И они действительно держали слово.
— Такое в моей практике впервые, — не переставала удивляться заведующая учебной частью. — Рядом с доской они повесили большой портрет Рейниса Карловича. Рисовал, вероятно, Петерсон. На учительском столе белые листки бумаги, на обратной стороне — фамилии. Зайга по листку вызывает отвечать, потом все коллективно ставят оценку, причем строгую и объективную.
* * *
Школьная медсестра Милда Яновна каждую свободную минутку старалась проводить у Рейниса Карловича. Она рассказывала о школе, хвалила восьмой «б». Учителя надивиться не могут, как изменились они в лучшую сторону.
— Неужели же мне надо было заболеть, чтобы они стали учиться? — грустно пошутил Рейнис Карлович. — Милда, у меня к тебе просьба. В следующий раз, как придешь, приведи с собой Дауманта Петерсона.
— Этого долговязого с кудряшками?
— Этого самого.
— Ты же знаешь, что тебе строго-настрого запрещено волноваться. А от этого озорника всего можно ожидать.
— Приведи завтра же. Все будет хорошо.
— Даумант, Рейнис Карлович хочет тебя видеть, — сообщила на следующий день медсестра, заглянув в класс.
«Хана химии!» — обрадовался мальчик и стремглав бросился из класса.
«Почему учитель позвал именно меня?» — недоумевал Даумант. За последнее время ничего из ряда вон выходящего он не совершил, и отметки нормальные.
— Ты только не рассказывай ничего плохого, только хорошее, одно хорошее, — в который уж раз предупреждала медсестра. — Слышишь? А если он спросит о той девочке, что пропала, скажи, что уже нашлась.
Он мне не верит, думает, я его обманываю. Только недолго, слышишь, — предупредила она, впуская мальчика в палату.
Рейнис Карлович лежал, откинувшись на подушки, и слабо улыбнулся Дауманту. У мальчика камень с души свалился. Рейнис Карлович хотел знать про класс абсолютно все. Даумант со всеми подробностями рассказал, как они повторяют латышский язык, как строго ставят отметки, строже даже, чем учитель, что завуч вначале не хотела учитывать эти отметки, а потом сдалась.
— К экзаменам мы ждем вас в школу.
— Я бы и сам не возражал, но врачи сказали, что еще месяца два придется пробыть в больнице. Даумант! Твои отец спас мне когда-то жизнь, но сам при этом потерял руку. Всю жизнь я чувствую себя перед ним в неоплатном долгу. Кто знает, доведется ли с ним еще увидеться.
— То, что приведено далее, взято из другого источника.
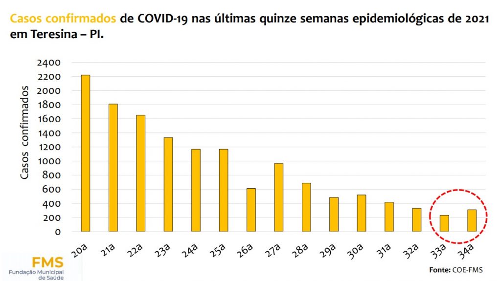 O número de casos de covid-19 em Teresina teve um aumento de 34% na 34ª Semana Epidemiológica (22 a 28 de agosto). O dado consta no painel do Centro de Operações Emergenciais (COE), da Fundação Municipal de Saúde (FMS), que alerta para a necessidade das pessoas seguirem os protocolos para combater o avanço da covid-19 na capital.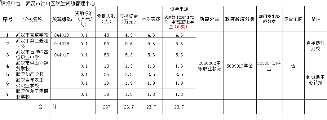 2024年春季学期中等职业学校国家助学金资金分解明细表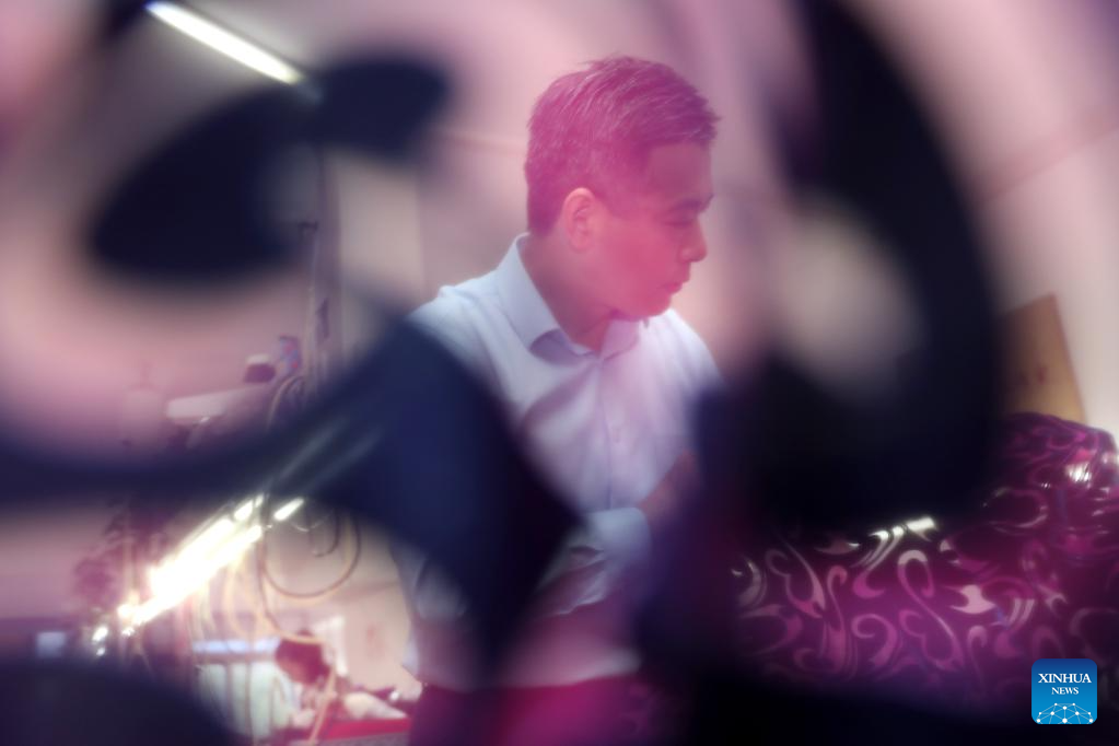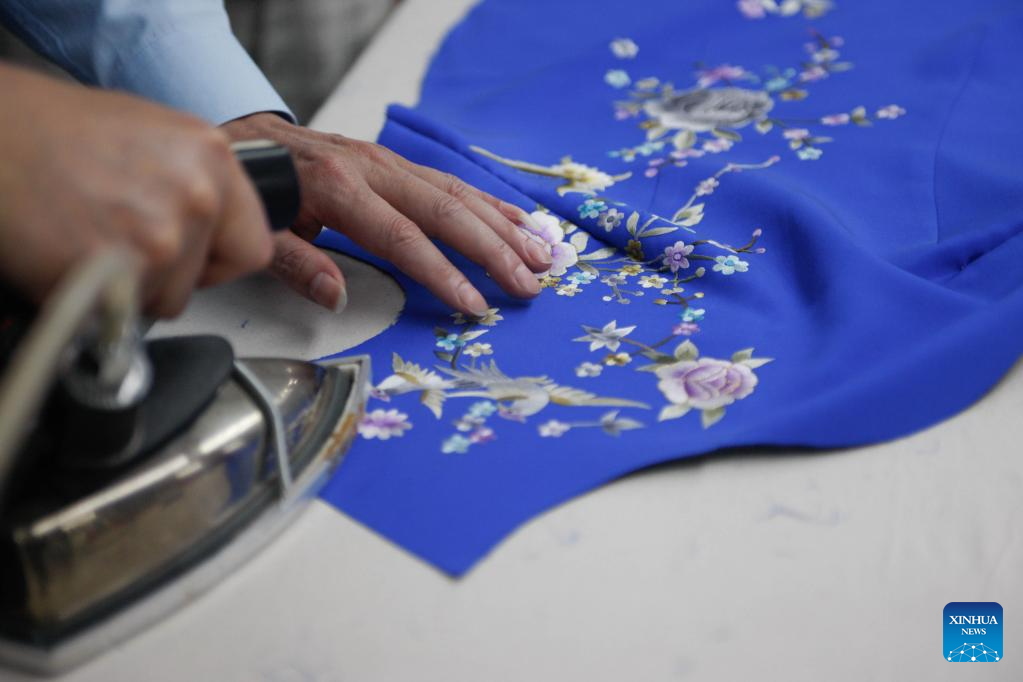 Jiang Manzong irons a piece of semi-finished cheongsam at a training institute for Longfeng Cheongsam in Shanghai, east China, May 31, 2023. (Xinhua/Zhu Weixi)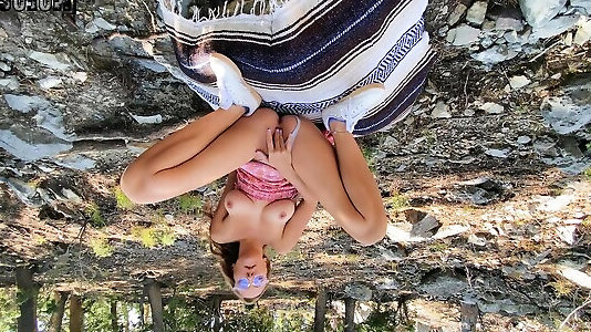 vidéo en extérieur dun ange excité jouant avec un vibromasseur et des doigts
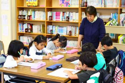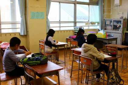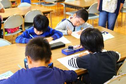 低学年コースと高学年コースに分かれて、漢字の練習からスタートです。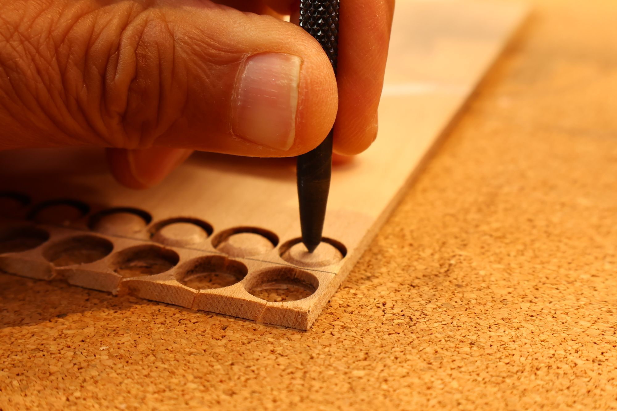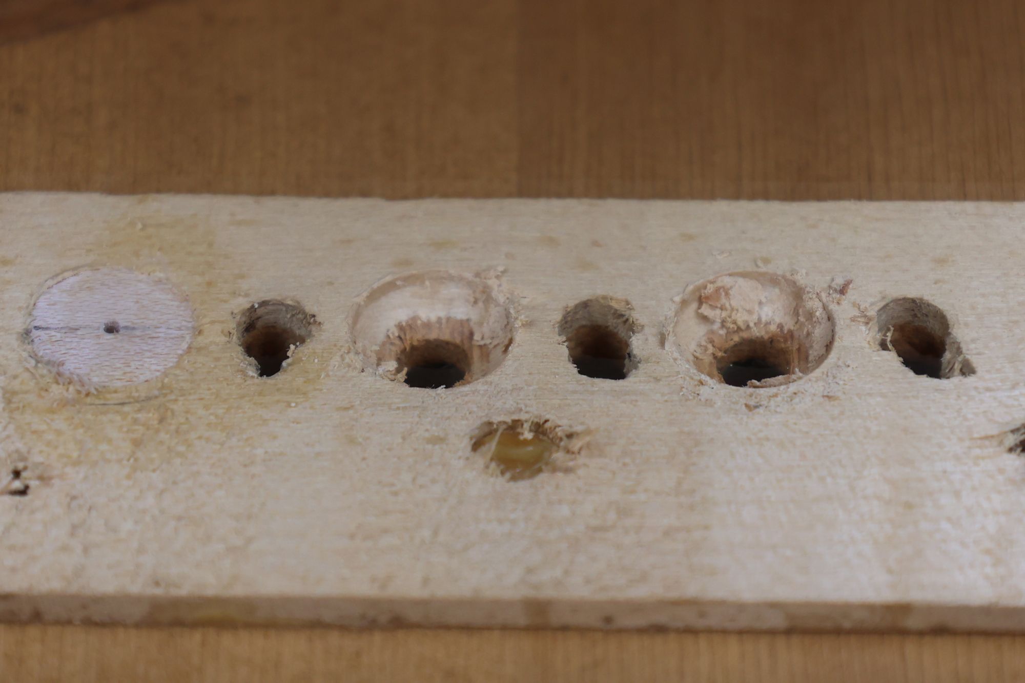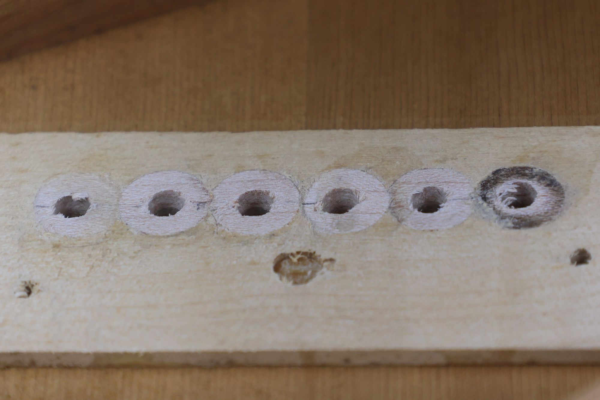 - 5.小穴があいたプラグです。まだ材に固定されています。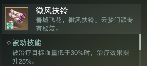 微风扶玲:被治疗目标血量低于30%时,治疗效果提升25%,如果说DPS门派在输出时有斩杀线,那么装备微风扶玲后的云梦女侠也有自己的强效治疗线了,25%治疗效果的提升可以大大保证友方少侠的安全血线。
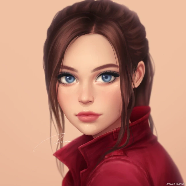 blue eyes, brown hair tied back in a high ponytail, and is wearing what appears to be a red jacket or coat with the collar up. The artwork showcases a realistic style with attention to detail, particularly in the rendering of her facial features and hair texture.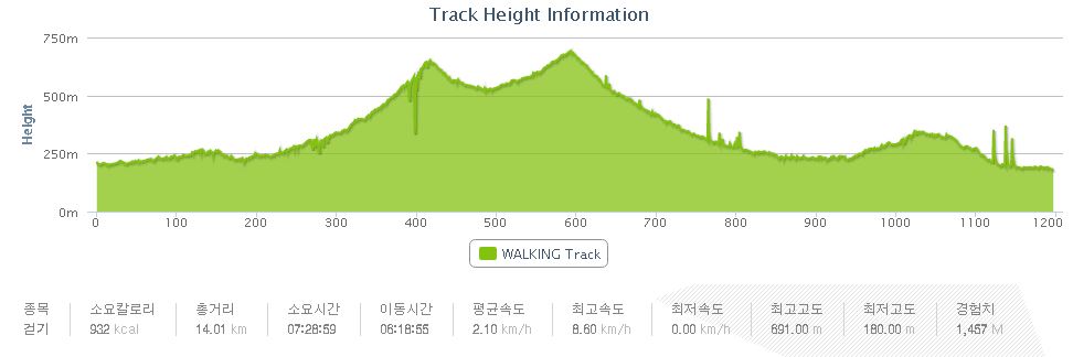 오른쪽 장군봉(4.4㎞) 방향.
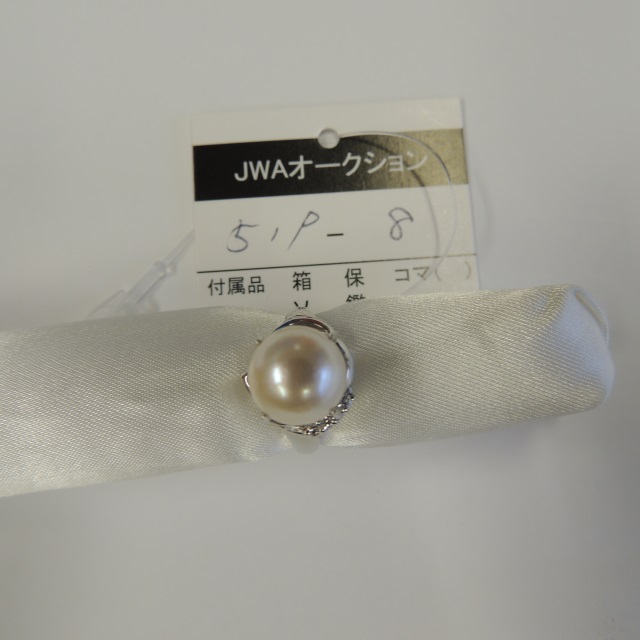 リング パール 10.5mm ダイヤ Pt900 6.40g 石目:D0.09
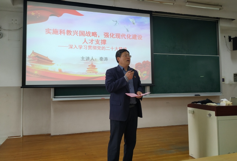 秦濤以“實施科教興國戰(zhàn)略,強化現(xiàn)代化建設人才支撐——深入學習貫徹黨的二十大精神”為題,從黨的二十大主題講起,圍繞我國發(fā)展面臨的問題、應對問題的總方略、完善科技創(chuàng)新體系、加快實施創(chuàng)新驅(qū)動發(fā)展戰(zhàn)略、深入實施人才強國戰(zhàn)略、辦好人民滿意的教育等方面,對黨的二十大報告中的“科教興國戰(zhàn)略”進行了全面系統(tǒng)的闡述。報告中豐富的案例和詳實的數(shù)據(jù),讓學院教師對黨的二十大精神有了更全面、更深刻的理解和認識。

Отцу твоему я уже ничем не могу помочь, но мне ты должен пообещать, нет, поклясться, что сделаешь все для того, чтобы успешно закончить восемь классов и поступить в художественную среднюю школу. — Учитель говорил медленно, время от времени останавливаясь, чтобы собраться с силами.
Дауманта обдало жаром.
— Я клянусь, — чуть слышно произнес он. — Отец шлет вам привет. С тех пор, как вы у нас были, он не пьет и не ругается.
— И еще я хочу тебе сказать... У меня дома, на столе, лежит толстая папка — в ней история нашего партизанского отряда. Мне так и не удалось дописать. Пусть твой отец разыщет командира нашего отряда Берзиня и передаст ему эту папку.
— Зачем, Рейнис Карлович, вы еще сами закончите.
— Милда Яновна мне сказала, что Байба нашлась. Не оставляй ее сейчас одну. Ей очень нужна ваша дружба и поддержка. А теперь иди. Будь счастлив, мой мальчик!
— До свидания! — Даумант заставил себя улыбнуться. Этот мужчина с желтым лицом и глубокими страдальческими морщинами вокруг рта не был больше его учителем, это был кто-то другой, совершенно чужой человек.